Each Staten Island victim is honored with a 9 × 11 in granite plaque bearing their name, birthdate, and place of work on September 11, 2001, as well as their profile in silhouette.

The centerline between the two walls (postcards) points directly at Ground Zero, thereby referencing the Twin Towers of the World Trade Center destroyed on 9/11. The individual silhouettes all look in the same direction, toward Ground Zero. The effect of standing between the walls can be quite powerful—some have experienced a kind of "oneness" with those who were lost represented in silhouettes as all look together toward the site of the missing towers.
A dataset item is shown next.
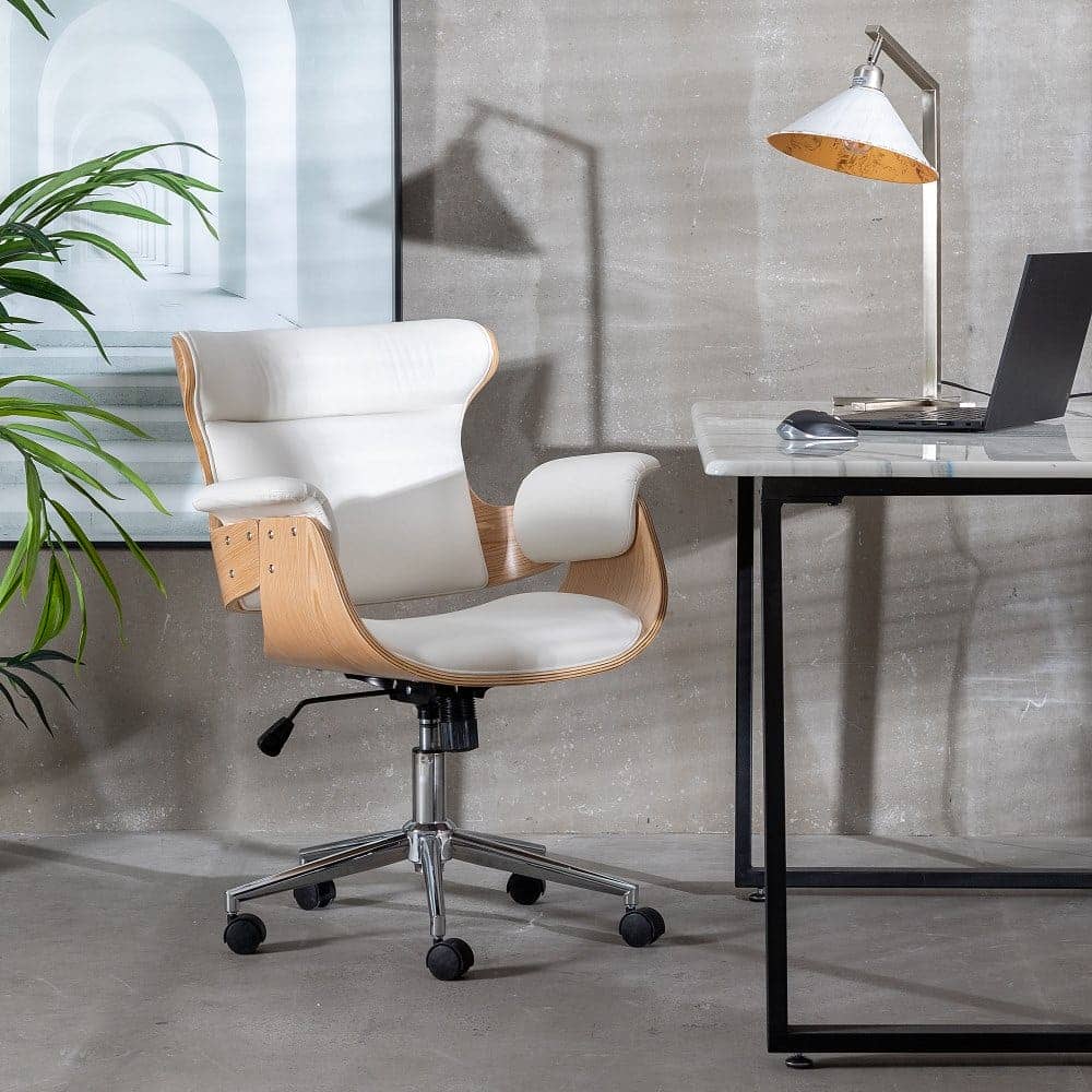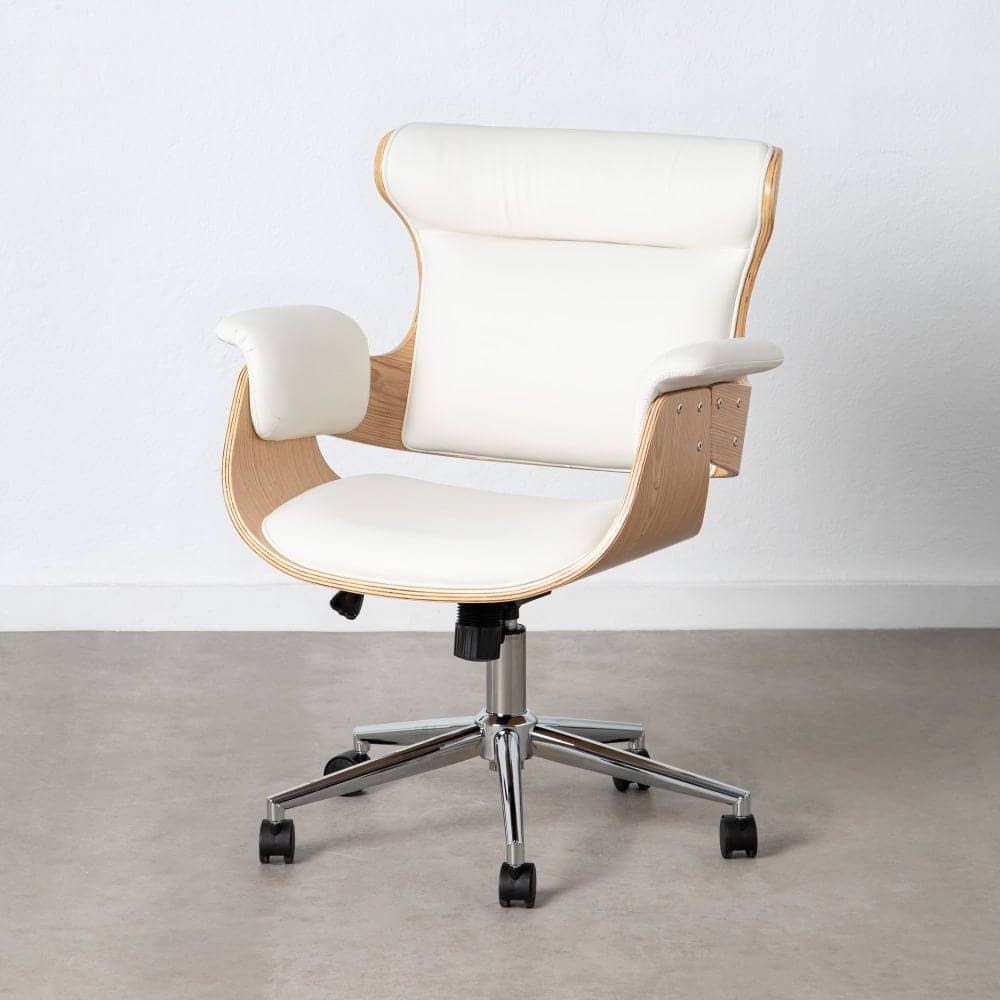 La Silla de Oficina Claude Blanca es perfecta para quienes buscan comodidad y estilo. Su tapizado en poliuretano imitación piel de alta calidad, junto con el respaldo de madera conglomerada de nogal, le otorgan un toque refinado y duradero. Con una altura de asiento ajustable entre 43 y 52 cm, se adapta perfectamente a tu postura, mientras que sus reposabrazos alcanzan una altura mínima de 65,5 cm. Además, su estructura giratoria y las patas de hierro cromado le proporcionan la estabilidad y movilidad necesarias. Su profundidad de asiento de 41 cm y el ancho de 45 cm aseguran una experiencia ergonómica. Además, cumple con la normativa EN1335, lo que garantiza su fiabilidad y resistencia. ¡Añade un toque de distinción y confort a tu oficina con la silla Claude!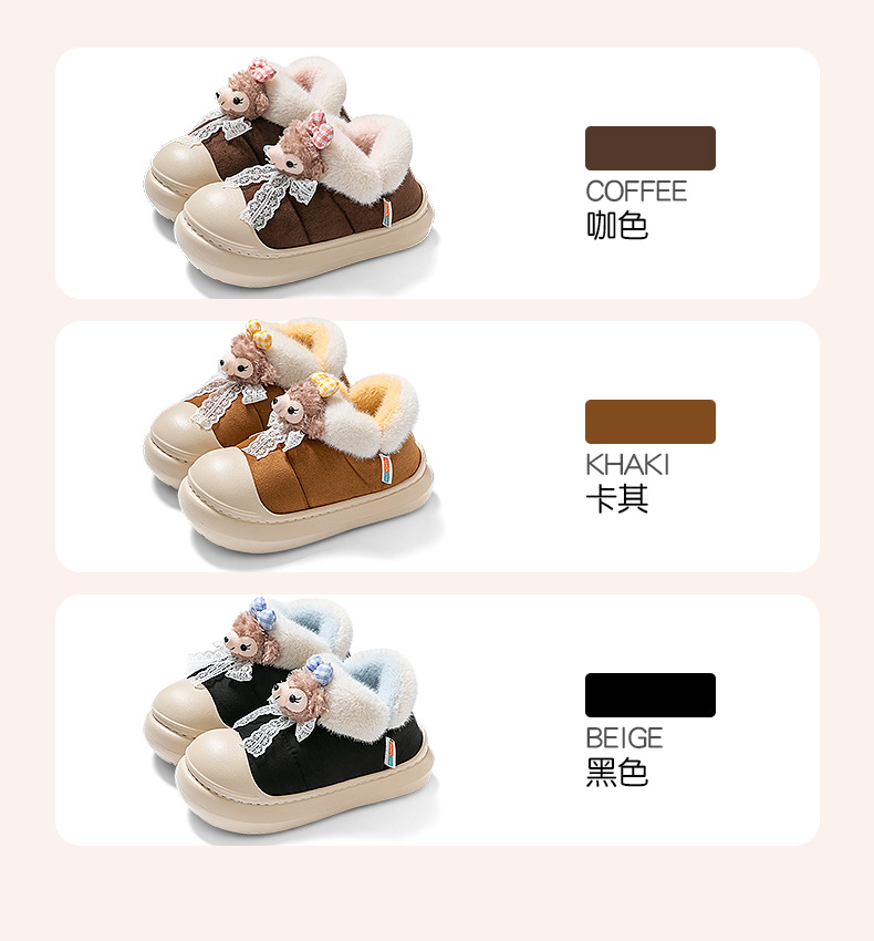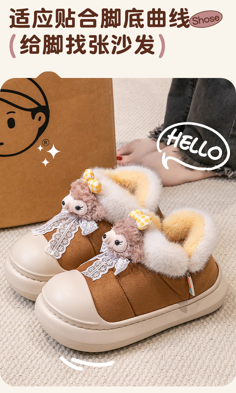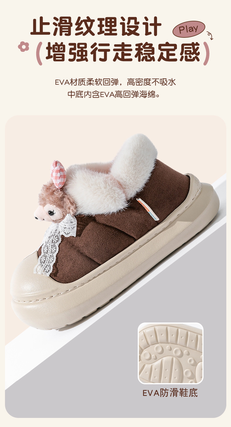 雪莉玫棉拖鞋女款秋冬季2025新款防水厚底保暖加絨包跟月子鞋女

The attack on the towers created such massive burning and destruction that few identifiable remains were recovered for burial. According to James Molinaro, Borough President of Staten Island, "Maybe 60 percent of those of the people whose profile is here, their next of kin, their loved ones, didn't receive any remains. This is their cemetery."

==History==
The memorial was designed by New York-based architect Masayuki Sono, who won the design competition held in early 2003. It was commissioned for this site, along the North Shore Waterfront near St. George Terminal, and overlooking the New York Harbor, Lower Manhattan, and the Statue of Liberty. Construction began on September 11, 2003 at New England Boatworks. The opening and dedication took place on September 11, 2004.

In 2018, upon the request of borough president James Oddo, the office of mayor Bill de Blasio allocated $250,000 from the New York City Economic Development Corporation to renovate the memorial. Cleanup began in July 2019.